§ **WHAT IS EXPECTED**: Every word in the data below belongs in your copy, exactly as given; the pictures do not.

(Excerpts from a dataset)

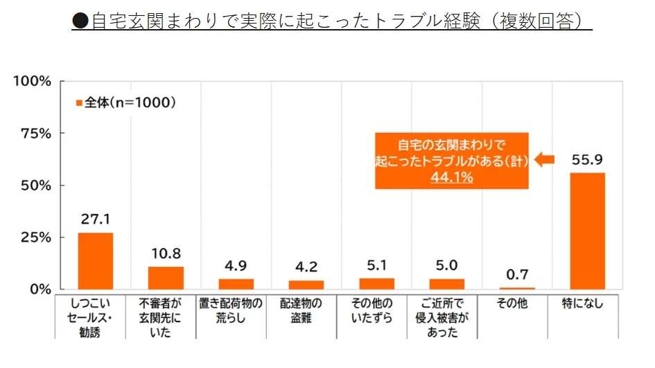 玄関まわりで何らかのトラブルを経験した人は44.1%を占める。具体的なトラブルの内容では「しつこいセールス・勧誘」(27.1%)や「不審者の来訪」(10.8%)、「置き配荷物荒らし」(4.9%)、「配達物の盗難」(4.2%)などが挙がった。
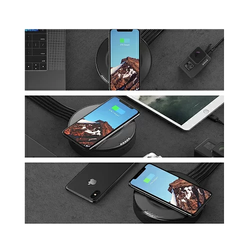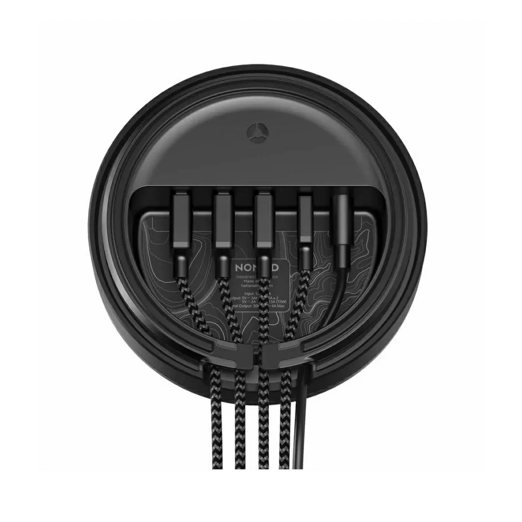 Nomad Wireless Hub сочетает в себе многофункциональную зарядную станцию. С помощью этой станции вы сможете заряжать одно устройство по беспроводной сети и до 4 проводных устройств. Nomad Wireless Hub имеет 3 выхода USB-A и один USB-C для проводной зарядки на других ваших устройствах, которые не поддерживают беспроводную зарядку. Вы можете одновременно заряжать до 5 устройств: одно беспроводное и четыре проводных с соответствующими кабелями (не входят в комплект). Вы можете заряжать свои Apple Airpods по беспроводной сети, если у вас есть для них чехол для беспроводной зарядки.
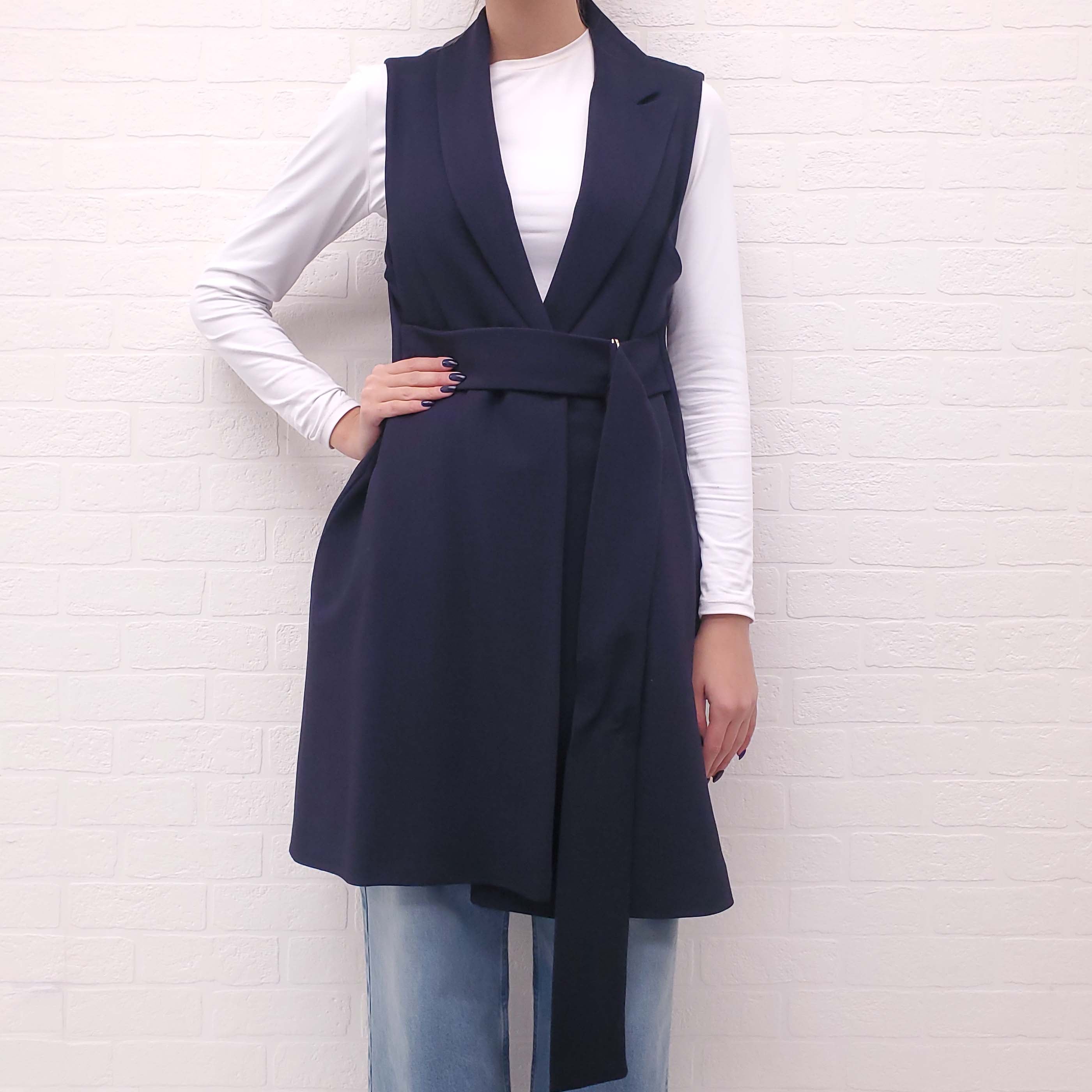LANVIN NAVY LONG VEST JACKET - SIZE 40
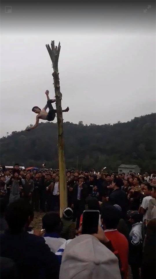 Khi gần đến ngon cây, nam thanh niên có ra tín hiệu để mọi người bên dưới tránh xa. Cuối cùng khi lên đến ngọn cây, nam thanh niên cố gắng thả hai tay để đứng thăng bằng trên ngọn cây thì bị rơi thẳng xuống đất bất tỉnh mặc dù nhiều người đã cảnh báo từ trước đó.
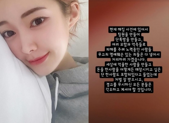 아름은 25일 "현재 해킹 사건에 있어서 팀원을 만들어 단톡방을 만들고, 여러 모함과 억측들로 피해를 주려 노력중인 사람들. 무고죄 명예훼손 있는 죄들은 다 넣어서 처리하러 가겠습니다"라고 글을 올렸다.
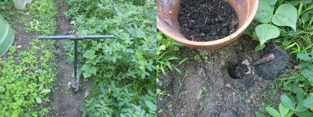 本日の朝飯前の作業。ドリルで果樹から少し離れた地面に穴を穿つ。その穴に、完熟させた鶏糞を埋める。来年の為の元肥となるが、生分解が遅いので早めに施すのが吉。写真だけ見るとピースフルだが、腰がおかしくなる重労働。
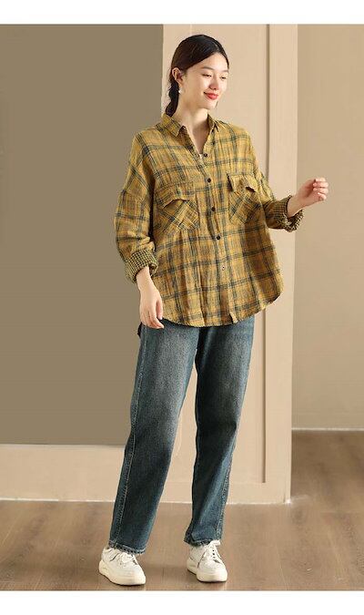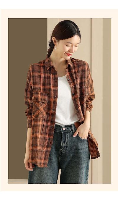 シャツ チェック柄 レディース 大きいサイズ 秋 春 長袖 綿麻 シャツ リネン コットン 羽織り 長袖 シャツ 綿麻 体型カバー 着痩せ ビッグシルエット シンプル カジュアル 薄手 | koookooo
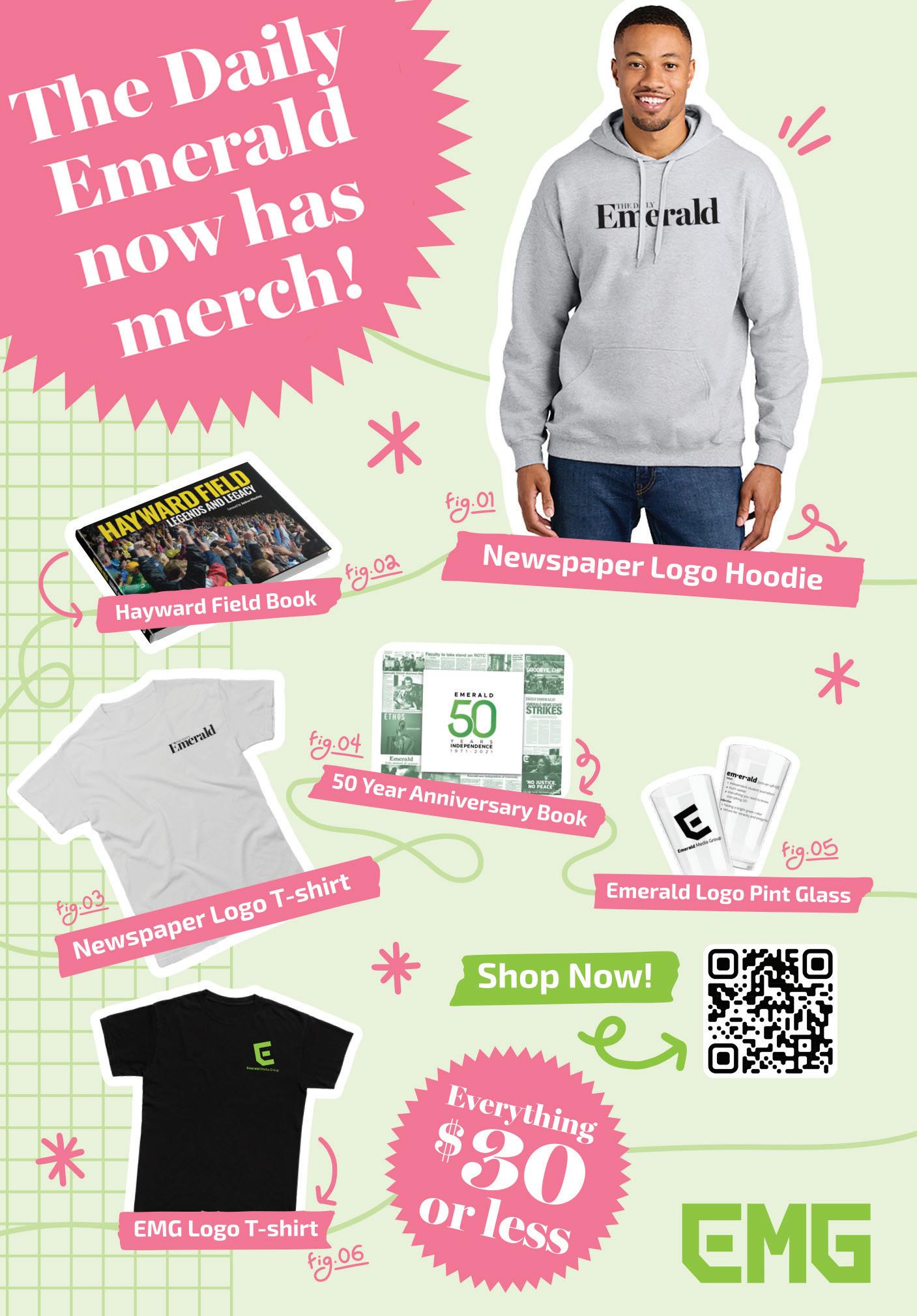 The Daily Emerald is published by Emerald Media Group, Inc., the independent nonprofit media company at the University of Oregon. Formerly the Oregon Daily Emerald, the news organization was founded in 1900.

§ **RESPONSE FOR THIS EXERCISE**:
 玄関まわりで何らかのトラブルを経験した人は44.1%を占める。具体的なトラブルの内容では「しつこいセールス・勧誘」(27.1%)や「不審者の来訪」(10.8%)、「置き配荷物荒らし」(4.9%)、「配達物の盗難」(4.2%)などが挙がった。
 Nomad Wireless Hub сочетает в себе многофункциональную зарядную станцию. С помощью этой станции вы сможете заряжать одно устройство по беспроводной сети и до 4 проводных устройств. Nomad Wireless Hub имеет 3 выхода USB-A и один USB-C для проводной зарядки на других ваших устройствах, которые не поддерживают беспроводную зарядку. Вы можете одновременно заряжать до 5 устройств: одно беспроводное и четыре проводных с соответствующими кабелями (не входят в комплект). Вы можете заряжать свои Apple Airpods по беспроводной сети, если у вас есть для них чехол для беспроводной зарядки.
LANVIN NAVY LONG VEST JACKET - SIZE 40
 Khi gần đến ngon cây, nam thanh niên có ra tín hiệu để mọi người bên dưới tránh xa. Cuối cùng khi lên đến ngọn cây, nam thanh niên cố gắng thả hai tay để đứng thăng bằng trên ngọn cây thì bị rơi thẳng xuống đất bất tỉnh mặc dù nhiều người đã cảnh báo từ trước đó.
 아름은 25일 "현재 해킹 사건에 있어서 팀원을 만들어 단톡방을 만들고, 여러 모함과 억측들로 피해를 주려 노력중인 사람들. 무고죄 명예훼손 있는 죄들은 다 넣어서 처리하러 가겠습니다"라고 글을 올렸다.
 本日の朝飯前の作業。ドリルで果樹から少し離れた地面に穴を穿つ。その穴に、完熟させた鶏糞を埋める。来年の為の元肥となるが、生分解が遅いので早めに施すのが吉。写真だけ見るとピースフルだが、腰がおかしくなる重労働。
 シャツ チェック柄 レディース 大きいサイズ 秋 春 長袖 綿麻 シャツ リネン コットン 羽織り 長袖 シャツ 綿麻 体型カバー 着痩せ ビッグシルエット シンプル カジュアル 薄手 | koookooo
 The Daily Emerald is published by Emerald Media Group, Inc., the independent nonprofit media company at the University of Oregon. Formerly the Oregon Daily Emerald, the news organization was founded in 1900.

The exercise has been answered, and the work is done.